*** Opening Stored data ***
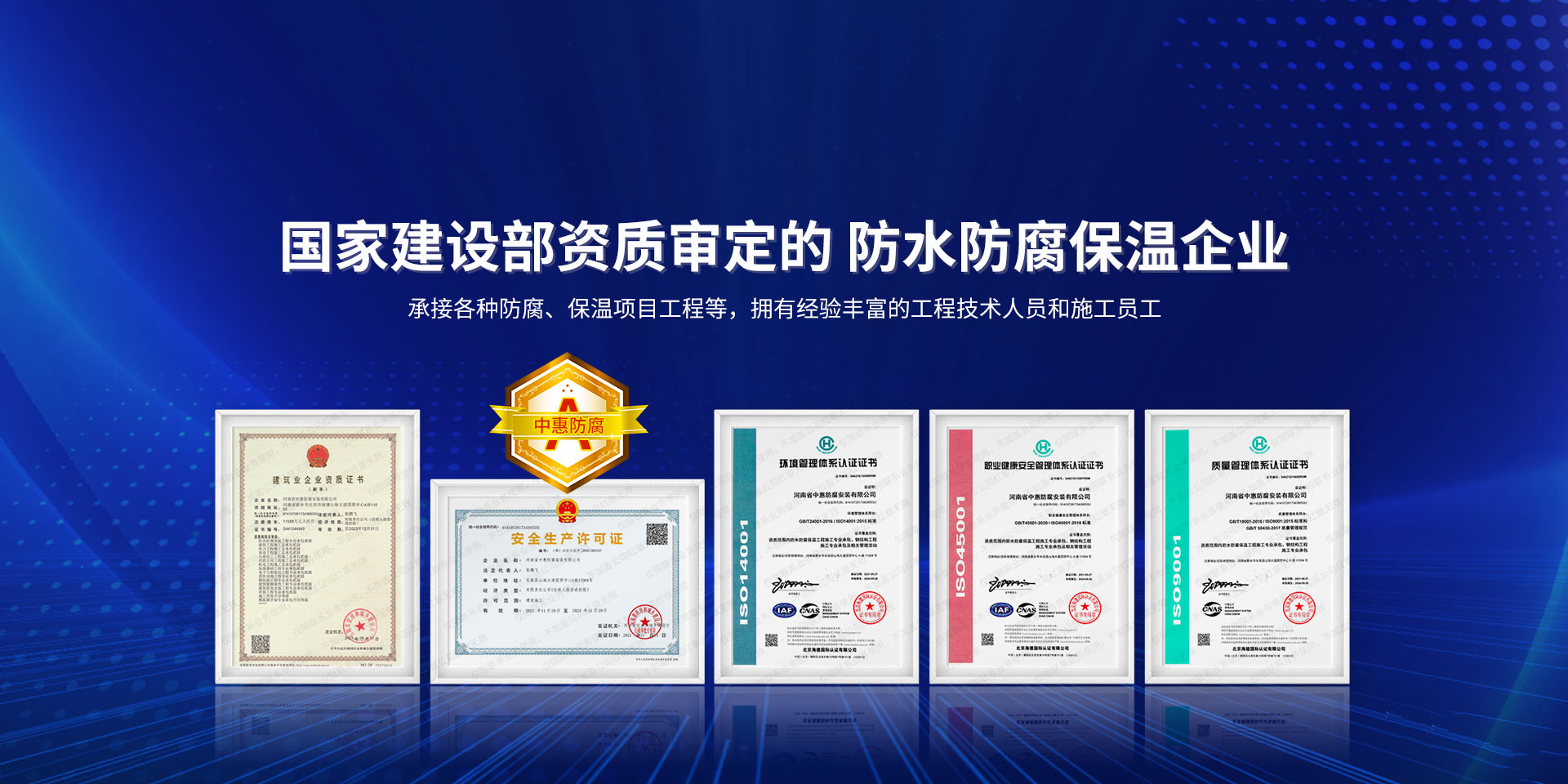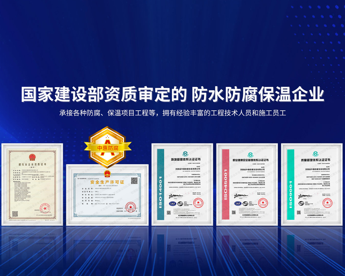 公司經營范圍:防水防腐保溫工程;消防設施工程;建筑裝修裝飾工程;建筑機電安裝工程;電力工程;建筑工程;石油化工工程;工業清洗工程;油罐清洗工程;鋼結構工程;環保工程;模板腳手架工程;電纜防火封堵、防污閃噴涂、外墻外保溫工程;各類施工勞務作業;設備維修、船舶鉚焊、涂裝;電力工程材料、建材、防水材料、防火材料、防腐保溫材料銷售,并相繼通過了GB/T19001-2008idtISO9001:2008GB/T50430-2007質量管理體系認證證書。GB/T24001-2004idtISO14001:2004環境管理體系認證證書。GB/T28001-2011idtOHSAS18001:2007職業健康安全管理體系認證證書。公司是中國防腐蝕于防護協會、中國施工企業管理協會、電力協會和中國鋼結構防水協會會員單位。 公司的經營業務涵蓋了石油、化工、電力、冶金、煤炭、船舶、國防、燃氣、水利、環保、交通運輸、航空及國防軍工和輕紡市政等行業的防腐保溫絕熱設備。鋼結構安裝、防火、防水、金屬噴鍍、聚脲噴繪、陰極保護、防滲透堵漏、玻璃鋼及各種磚版材料襯里、橡膠襯里、煙氣硫和耐酸溶劑腐蝕等工程施工。公司連續十年榮獲“省市先進施工企業”“安全生產先進單位”“重合同,守信用企業”和“AA***資質企業”的稱號。2000年被命名為市級文明單位,2002年被國家工商行政管理局命名為“重合同,守信用的企業”、被中國工業防腐蝕技術協會命名為“防腐蝕企業,能源節約及環境保護領域有豐富的經驗和***的業績。工程一次交驗合格率100%。其中攀枝花鋼鐵公司煉鐵廠四號高爐及熱風爐防腐工程、上海寶鋼公司煤氣柜防腐工程、撫順石油一廠裝置防腐項目、齊魯石化公司稀烴廠高塔防腐工程、吉林化學工業公司煉油廠油罐防腐工程、天津石化熱電廠六號爐頂棚聯絡管保溫工程、大慶油田(太倉)力神泵業工程、中國化學工程第十一建設工程、中原油田勘探局工程、中國石化銷售有限公司華北分部、魯皖輸油管道工程、貴州開磷息烽合成氨工程、陜西黃陵煤化工程、中國石油天然氣西部管道塔里木輸油工程、邯鋼集團邯寶鋼鐵公司煉鐵工程、德州供電工程、吉寶(南通)船廠工程,偃師華潤熱力工程、鄭州熱力總公司。 河南省中惠防腐安裝有限公司愿以豐富的施工經驗,***的技術,***的設備,***的管理,***的服務,竭誠為國內外廣大的用戶提供***滿意、******的工程作品。 我公司愿與國內外同仁一道,團結協作,共同推進防腐蝕行業發展! 公司地址:河南省長垣縣建設路北段360號 固定電話:0373-8866488 郵編:453400 網址:http://www_zhff_com_cn.abtno1.com
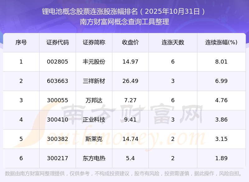 根據(jù)南方財富網(wǎng)概念查詢工具數(shù)據(jù)統(tǒng)計,截止2025年10月31日收盤,鋰電池概念股票共有6只個股實(shí)現(xiàn)連漲。其中連續(xù)漲幅較大的個股有豐元股份、三祥新材、萬邦達(dá)等,連續(xù)漲幅分別為8.01%、6.99%、4.76%。
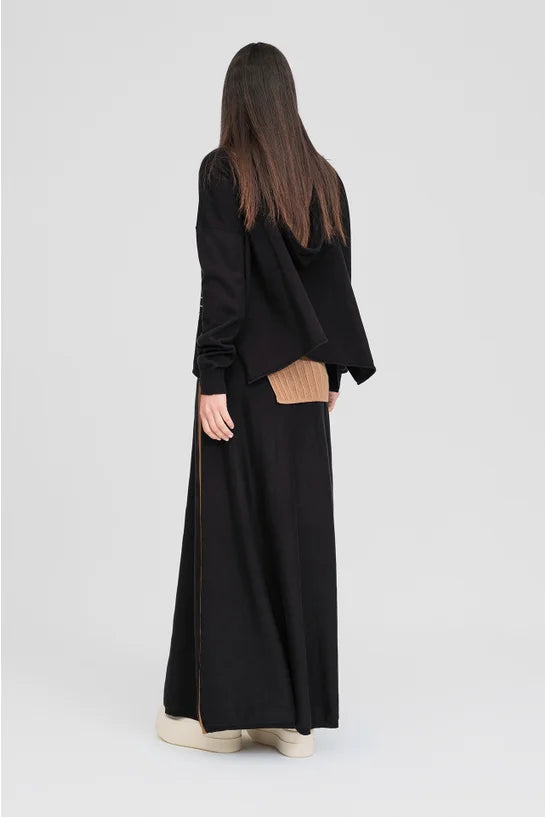 Fabricated in a cotton cashmere blend, the Complacent Skirt is a great full-length, A-line piece. A flattering cut in a soft fabrication with a comfortable waistband makes this piece a fuss-free weekend dressing go-to. A tie waistband with an elastic waist breaks the silhouette for balanced proportion, along with a contrast strip on the side to draw the eye down the body. Pair with an R Tee or shirt, trainers and a slouchy bag for easy and elegant off-duty style.
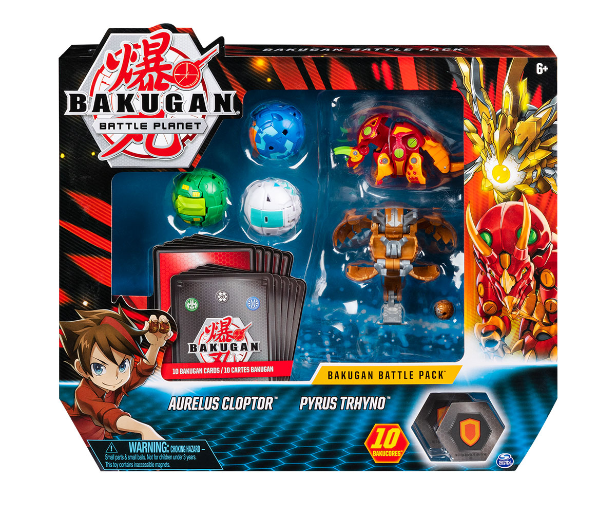 Боен пакет с 5 топчета Bakugan, Aurelus Cloptor&Pyrus Trhyno
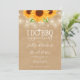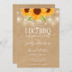 Luzes bonito de cordas e girassóis decoram seus detalhes especiais de celebração de festas de noivado, em tipografia elegante em fundo kraft rústico. O reverso apresenta suas iniciais de monograma num girassol correspondente. Projetado por Thisnotme©
*** Closing Stored data ***
[Exercise details] From the line containing "Боен пакет с" down to the last line of the data above, transcribe exactly those lines and no others; omit the pictures.

[Finished task]
 Боен пакет с 5 топчета Bakugan, Aurelus Cloptor&Pyrus Trhyno
 Luzes bonito de cordas e girassóis decoram seus detalhes especiais de celebração de festas de noivado, em tipografia elegante em fundo kraft rústico. O reverso apresenta suas iniciais de monograma num girassol correspondente. Projetado por Thisnotme©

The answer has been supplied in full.